I'm using mathematica in order to solve some differential equations. Using DSolve the program returns me: Power::infy: "Infinite expression 1/0. encountered."
I can't really think about a possible solution about this. Here's the code:
 p = 10;
 E1 = 210000;
 R = 100;
 a = 30;
 s = 10;
 v = 0.3;
 
 t1 = p*r/2;
 t2 = p*(R^2 - r^2)/(2*r);
B = E1*s^3/(12*(1 - v^2));

sol = DSolve[{D[1/r*D[(r*w1'[r]), r], r] == t1/B,
     D[1/r*D[(r*w2'[r]), r], r] == t2/B, w1'[0] == 0, w1[a] == 0,
     w2[a] == 0, w1'[a] == w2'[a],
     w1''[a] + v*(w1'[a]/a) == w2''[a] + v*(w2'[a]/a),
     w2''[R] + v*w2'[R]/R == 0}, {w1[r], w2[r]}, r];
Can anyone help me please? Many thanks.
POSTED BY: Andrea Gazzotti
6 Replies
Posted 10 years ago
Multiplying both the left and right side of the first two equations by r^2 clears r from the denominator.

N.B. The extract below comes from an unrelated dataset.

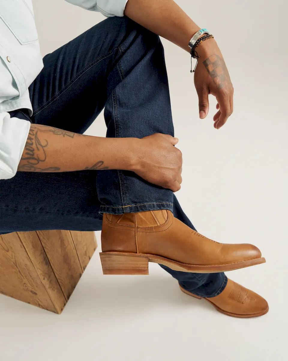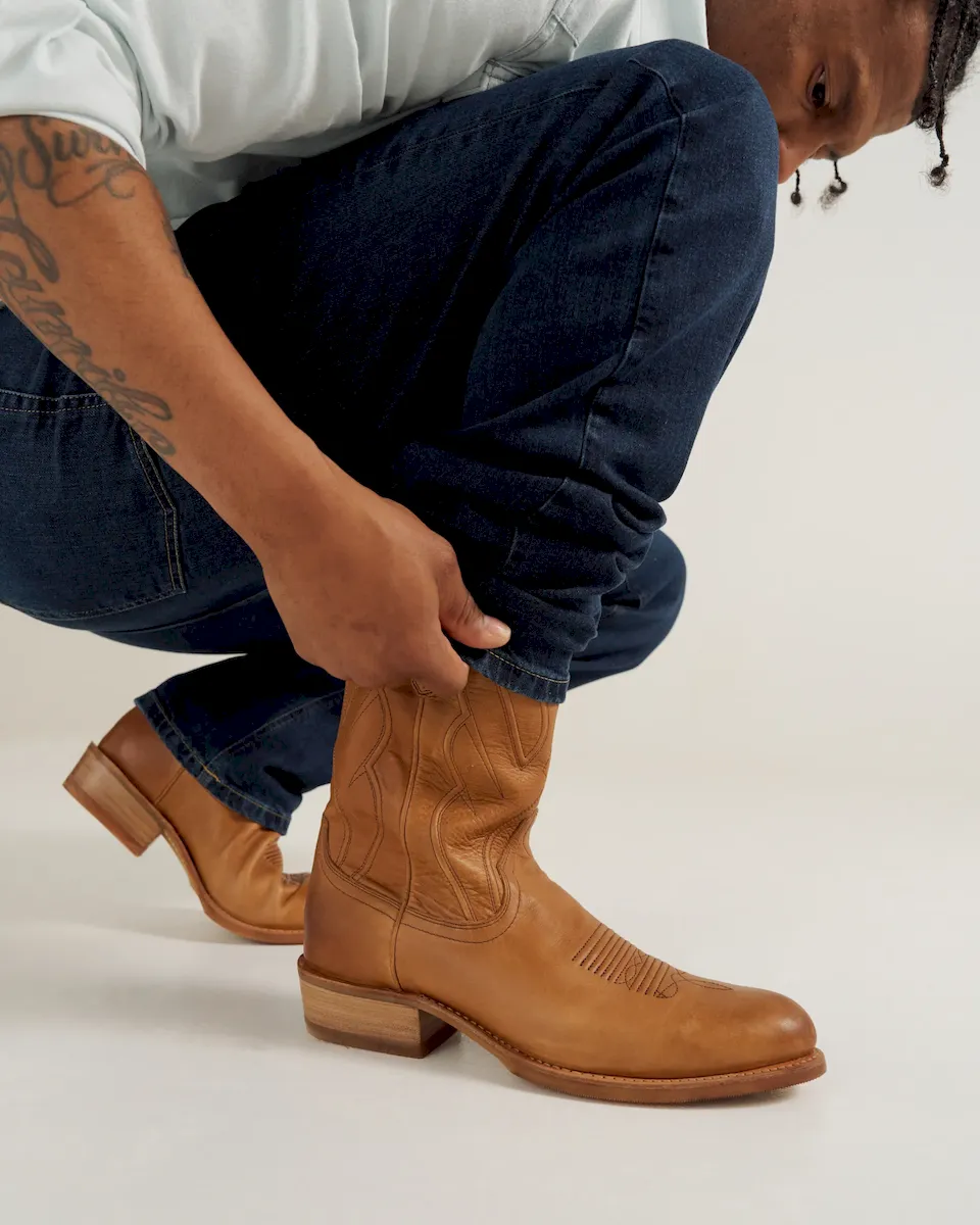 Our timeless cowboy shape is now weather ready. The Jason stands on a full-length Vibram rubber sole and is wrapped entirely in water-resistant cowhide. It still has the profile of a classic dress boot, but now it’s ready for the rain and muck. When you’re looking for a boot to serve you daily, in weather good or otherwise, look no further than The Jason.

Then DSolve can solve the system.
(I edited ths since first posted -- I didn't notice the independent variable in the earlier assignment to t1 and t2.)

 In[20]:= t1 = p*r/2;
 t2 = p*(R^2 - r^2)/(2*r);
 
 In[22]:= eqs2 = {r^2 D[1/r*D[(r*w1'[r]), r], r] == r^2 t1/B,
     r^2 D[1/r*D[(r*w2'[r]), r], r] == r^2 t2/B, w1'[0] == 0,
     w1[a] == 0, w2[a] == 0, w1'[a] == w2'[a],
     w1''[a] + v*(w1'[a]/a) == w2''[a] + v*(w2'[a]/a),
     w2''[R] + v*w2'[R]/R == 0} // Simplify;
 
In[23]:= DSolve[eqs2, {w1[r], w2[r]}, r]

Out[23]= {{w1[r] -> (1/(
   64 B R^2 (1 + v)))(4 a^6 p - 4 a^4 p r^2 + 3 a^4 p R^2 -
     4 a^2 p r^2 R^2 + p r^4 R^2 - 2 a^2 p R^4 + 2 p r^2 R^4 -
     4 a^6 p v + 4 a^4 p r^2 v + 11 a^4 p R^2 v - 12 a^2 p r^2 R^2 v +
      p r^4 R^2 v - 6 a^2 p R^4 v + 6 p r^2 R^4 v -
     8 a^2 p R^4 Log[a] + 8 p r^2 R^4 Log[a] - 8 a^2 p R^4 v Log[a] +
     8 p r^2 R^4 v Log[a] + 8 a^2 p R^4 Log[R] - 8 p r^2 R^4 Log[R] +
     8 a^2 p R^4 v Log[R] - 8 p r^2 R^4 v Log[R]),
  w2[r] -> (1/(
   64 B R^2 (1 + v)))(4 a^6 p - 4 a^4 p r^2 - 3 a^4 p R^2 +
     4 a^2 p r^2 R^2 - p r^4 R^2 + 6 a^2 p R^4 - 6 p r^2 R^4 -
     4 a^6 p v + 4 a^4 p r^2 v + 5 a^4 p R^2 v - 4 a^2 p r^2 R^2 v -
     p r^4 R^2 v + 2 a^2 p R^4 v - 2 p r^2 R^4 v +
     8 a^4 p R^2 Log[a] - 16 a^2 p R^4 Log[a] +
     8 a^4 p R^2 v Log[a] - 16 a^2 p R^4 v Log[a] -
     8 a^4 p R^2 Log[r] + 8 a^2 p R^4 Log[r] + 8 p r^2 R^4 Log[r] -
     8 a^4 p R^2 v Log[r] + 8 a^2 p R^4 v Log[r] +
     8 p r^2 R^4 v Log[r] + 8 a^2 p R^4 Log[R] - 8 p r^2 R^4 Log[R] +
     8 a^2 p R^4 v Log[R] - 8 p r^2 R^4 v Log[R])}}

With the values (not included above):

POSTED BY: David Keith
Since you have numerical parameters I am guessing that you are not necessarilly interested in an analytical solution.  If that is true then you can use NDSolve with a range for parameter r that avoids the potential singularity at r=0.  (I am not saying that there is indeed a singularity there, but if your range of values that you are interested in  does not include r=0, then that will be a moot question.  Also you can use NDSolve to explore whether there is indeed a singularity at r=0.)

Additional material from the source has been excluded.